At that moment, Ronaldo remembered how much he hates this type of enviroment. He’d seen it earlier in the day and was reminded of how he loathes aristocrats even though he is a millionare.

He longs at that moment to be singing folk songs with Campesinos on the island or drinking a brew on 145th st. sittin’ on a stoop watching the kids play in a dirty Harlem waterplug.

Meanwhile his mind switches to the plan. The burly, muderous, thug guards let him right in, with indifferent stares, no irony, no hate, nothing. Professional.

He wants to get in the meeting, dispense with pleasantries, reliquish his interest have them transfer and make sure the money is in his foreign account and then fly on a chartered private get-away plane to Cuba where he would seek political asylum and grease local palms while
he figured out his next move. What a stupid plan, he admits to himself.
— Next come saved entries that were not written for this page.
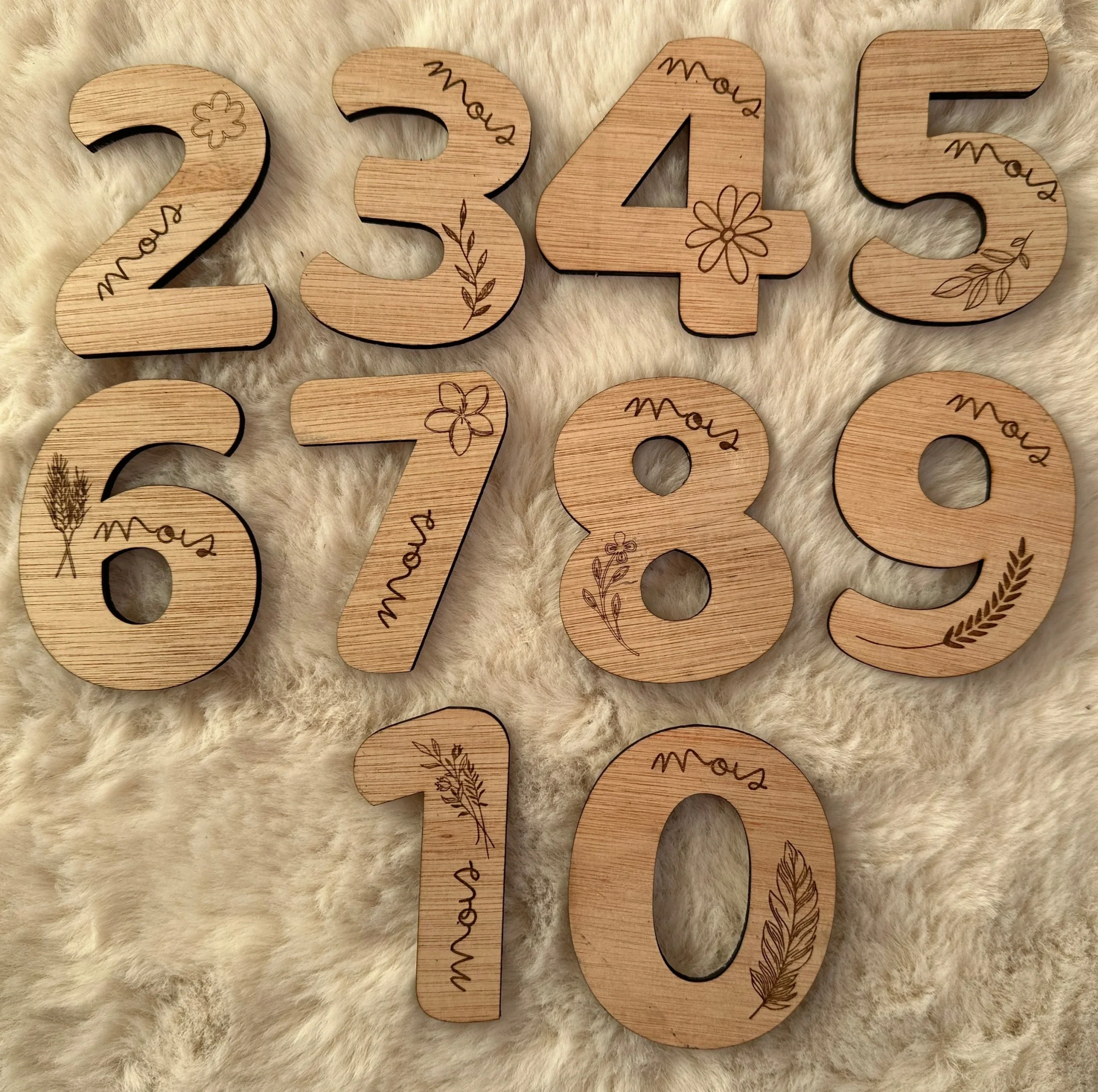 🌿 Cartes étapes bébé en bois – Set de 11 chiffres
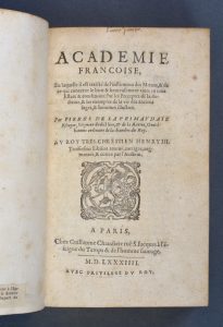 LA PRIMAUDAYE (Pierre de). Académie françoise. [...] Troisiesme Edition reveuë, corrigée, augmentée, & cottée par l’Autheur. Paris, Guillaume Chaudière, 1584. In-8, maroquin vert, janséniste, dentelle intérieure, tranches dorées...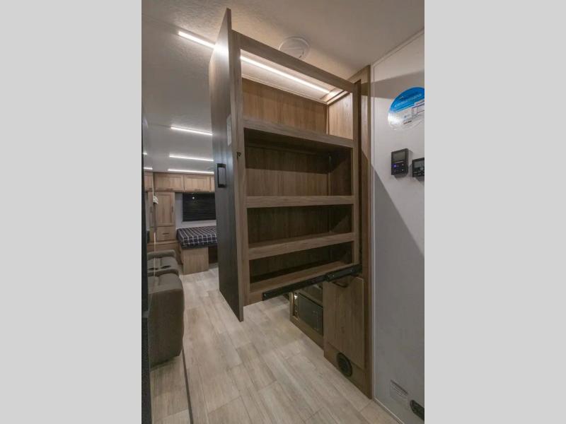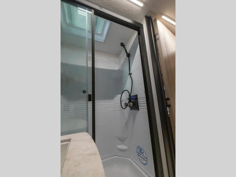 This is the perfect couple's trailer to take to the lake every other weekend. You will enjoy your own queen bed up front that includes vaulted under-bed storage for your luggage. The sofa slide out with a free-standing table provides a place to relax and dine together, and if you have an overnight guest, they can sleep here. The chef can prepare meals on the three burner cooktop or in the microwave oven, and there is a stainless steel sink for easy clean up. This model also includes a full bath with a linen closet for clean towels, and a 32" radius shower with a skylight for more standing space.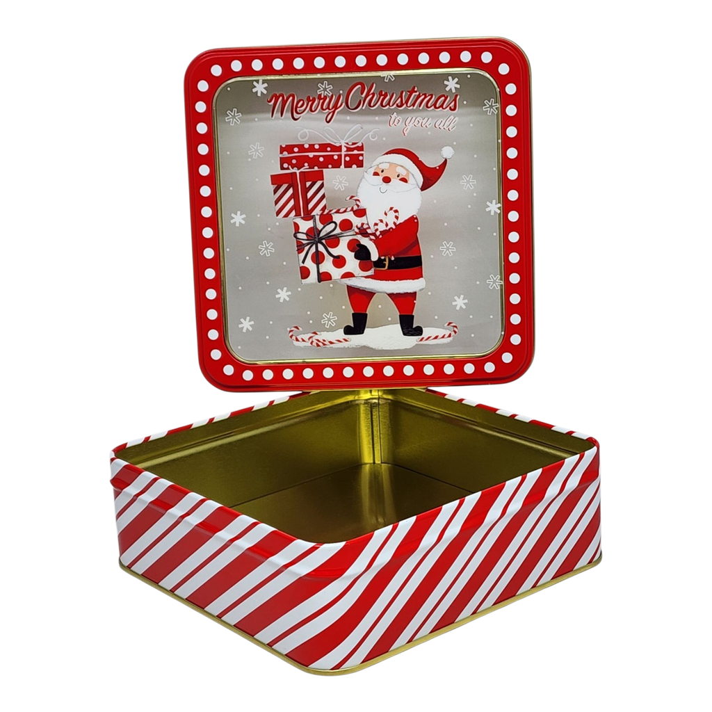 Celebrate the spirit of giving with our Santa's Gift Cookie Tin! This festive square tin features a cheerful Santa Claus joyfully carrying presents, making it an ideal storage solution for your holiday treats. With the fun message "Merry Christmas to you all" inscribed on the front, this charming tin captures the essence of the season and is perfect for sharing sweet goodies with friends and family. The acetate window allows you to showcase the delicious contents, adding a twinkle of excitement for everyone eager to see what’s inside.

But, the likely course of action is that he will everybody except Ortega, his father, hopefully it wouldn’t come to that.

He drummed on the steering wheel, nervous, pulling up to the valet park, in front of the palatial entrance. He hops out, struting, feeling his iron rub against his ankle. They don’t even frisk him.

A limo pulls up, he whirls around.

The limo stops at the valet.

Oh shit!

She steps out.

His heart jumps.

Damn, what is she doing here?

Juanita, still delicious, still dreaming of owning her own retail chain no doubt. Still clueless. She’s no idiot but she still doesn’t deserve to be caught in a fire-fight though.

What the hell is she doing here?

Then he figures it out. Insurance policy, human shield, game-leveling pawn, pretty sacrificial lamb. Human shield.